--- Work order ---
Please give back, exactly as written, the lines from the line with "因为它是干面膜,使用方法比较" to the line with "205㎡/228㎡奢阔四房:270°环幕" in the listing below, leaving out all pictures.
── Provided records ──
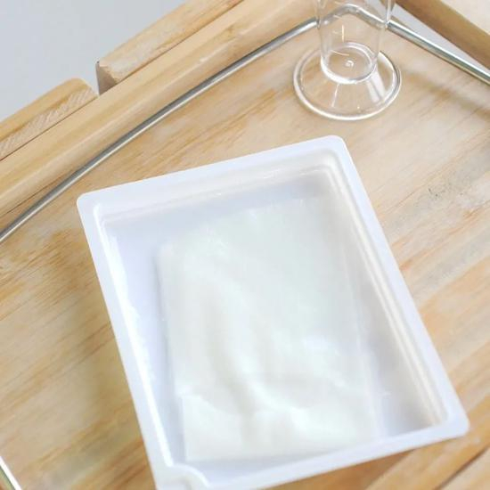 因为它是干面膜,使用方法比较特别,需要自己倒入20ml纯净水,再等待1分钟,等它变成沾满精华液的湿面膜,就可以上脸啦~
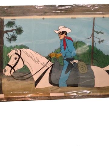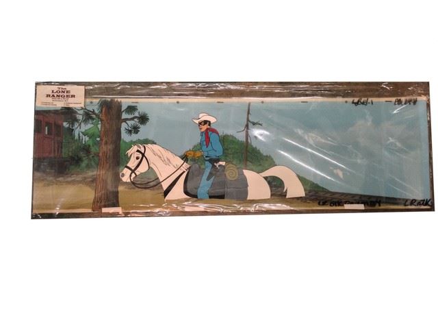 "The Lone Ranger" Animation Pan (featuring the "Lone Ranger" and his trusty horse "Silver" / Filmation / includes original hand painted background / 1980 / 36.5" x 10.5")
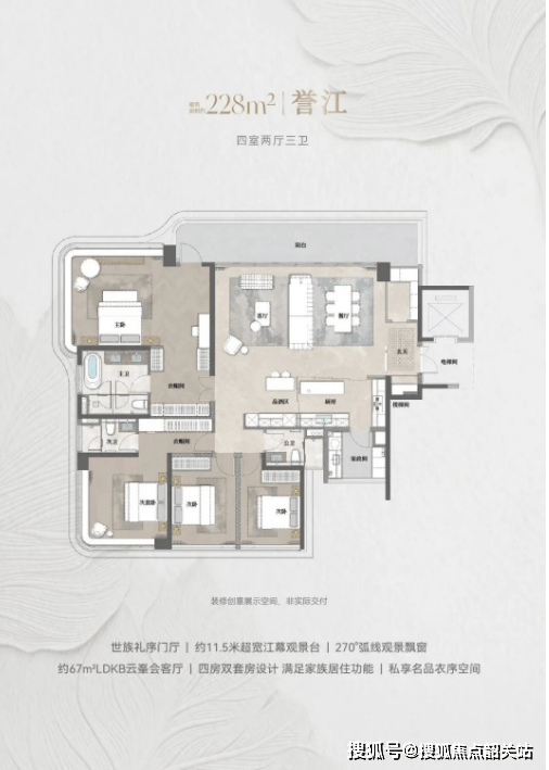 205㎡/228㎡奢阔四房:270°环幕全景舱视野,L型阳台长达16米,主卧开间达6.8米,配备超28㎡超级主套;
───
── Provided records ──
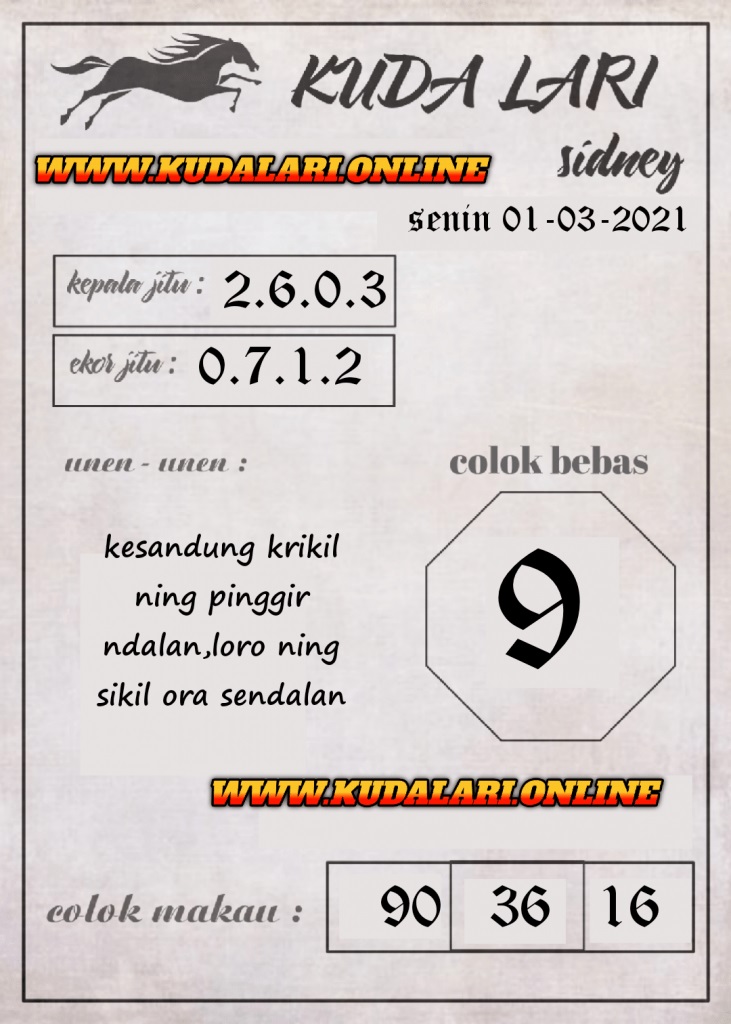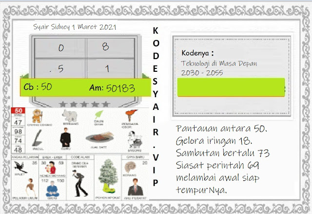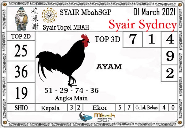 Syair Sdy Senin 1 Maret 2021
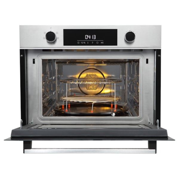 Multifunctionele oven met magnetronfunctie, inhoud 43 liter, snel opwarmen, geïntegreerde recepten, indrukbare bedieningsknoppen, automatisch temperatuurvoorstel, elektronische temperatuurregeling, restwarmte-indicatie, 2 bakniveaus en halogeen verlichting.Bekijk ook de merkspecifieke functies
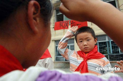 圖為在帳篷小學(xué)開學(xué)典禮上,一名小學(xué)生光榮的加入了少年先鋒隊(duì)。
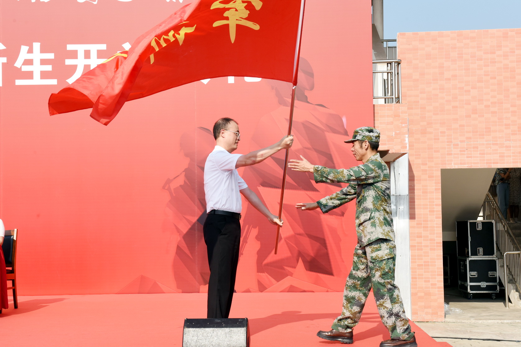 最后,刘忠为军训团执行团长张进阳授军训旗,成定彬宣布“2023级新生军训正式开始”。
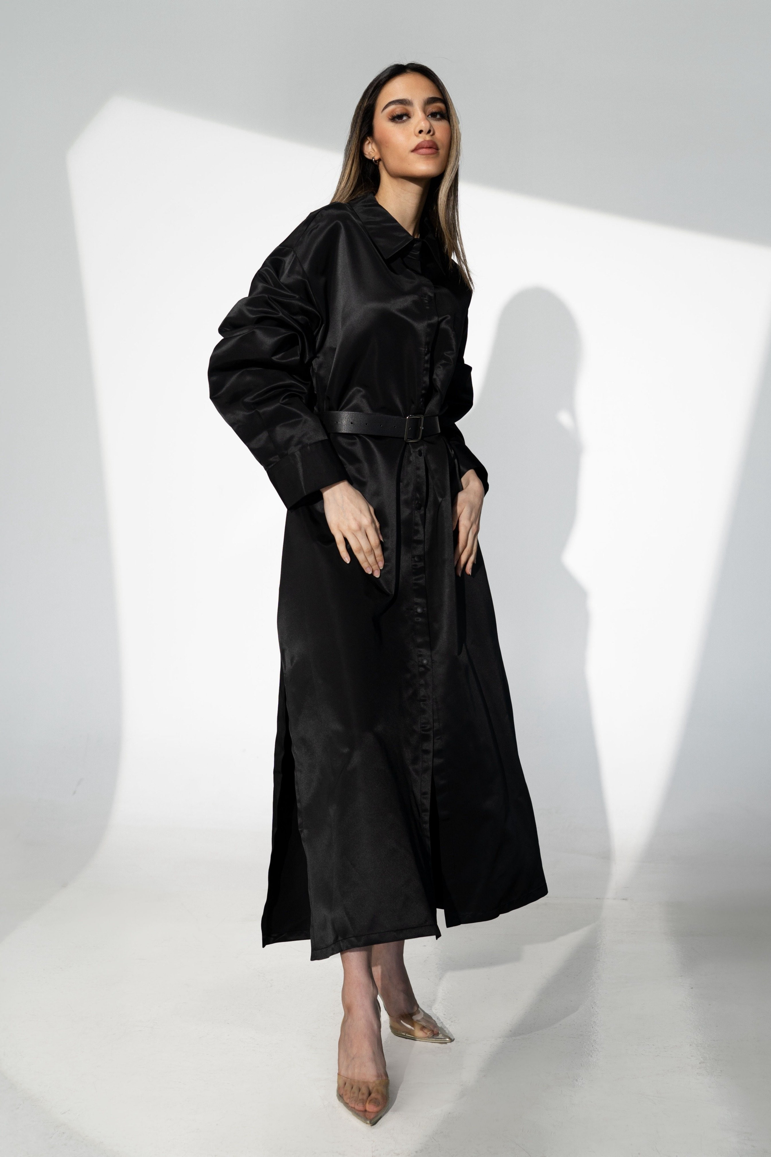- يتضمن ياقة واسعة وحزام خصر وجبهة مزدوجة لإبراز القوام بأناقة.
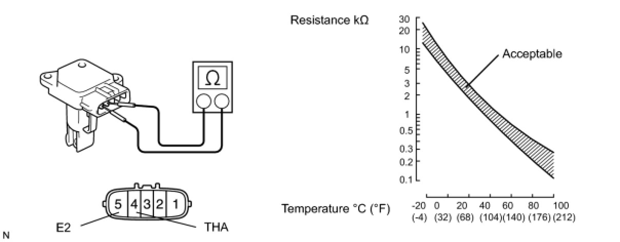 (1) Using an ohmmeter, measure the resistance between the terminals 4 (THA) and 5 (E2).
───
── Provided records ──
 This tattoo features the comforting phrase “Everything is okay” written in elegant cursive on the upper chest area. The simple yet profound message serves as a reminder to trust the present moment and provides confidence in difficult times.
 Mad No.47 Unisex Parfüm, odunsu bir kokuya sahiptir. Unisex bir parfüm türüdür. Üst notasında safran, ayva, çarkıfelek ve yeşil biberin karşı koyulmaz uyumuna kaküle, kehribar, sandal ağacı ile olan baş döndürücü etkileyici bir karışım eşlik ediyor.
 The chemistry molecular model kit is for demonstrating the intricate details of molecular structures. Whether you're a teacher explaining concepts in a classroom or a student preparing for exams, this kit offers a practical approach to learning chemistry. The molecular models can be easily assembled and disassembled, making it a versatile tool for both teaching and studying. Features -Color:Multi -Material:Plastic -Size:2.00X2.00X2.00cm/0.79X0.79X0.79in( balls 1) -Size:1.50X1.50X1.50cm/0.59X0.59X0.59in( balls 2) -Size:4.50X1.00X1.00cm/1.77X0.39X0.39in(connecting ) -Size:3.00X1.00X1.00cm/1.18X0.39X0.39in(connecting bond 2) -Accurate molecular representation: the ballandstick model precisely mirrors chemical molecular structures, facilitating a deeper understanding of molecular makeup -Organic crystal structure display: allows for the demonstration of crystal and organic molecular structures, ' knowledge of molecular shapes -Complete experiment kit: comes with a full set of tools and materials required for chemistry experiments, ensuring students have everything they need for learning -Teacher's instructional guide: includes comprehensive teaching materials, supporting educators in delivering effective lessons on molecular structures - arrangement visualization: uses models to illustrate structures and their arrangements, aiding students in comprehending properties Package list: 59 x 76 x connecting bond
───
--- Task answer ---
 因为它是干面膜,使用方法比较特别,需要自己倒入20ml纯净水,再等待1分钟,等它变成沾满精华液的湿面膜,就可以上脸啦~
 "The Lone Ranger" Animation Pan (featuring the "Lone Ranger" and his trusty horse "Silver" / Filmation / includes original hand painted background / 1980 / 36.5" x 10.5")
 205㎡/228㎡奢阔四房:270°环幕全景舱视野,L型阳台长达16米,主卧开间达6.8米,配备超28㎡超级主套;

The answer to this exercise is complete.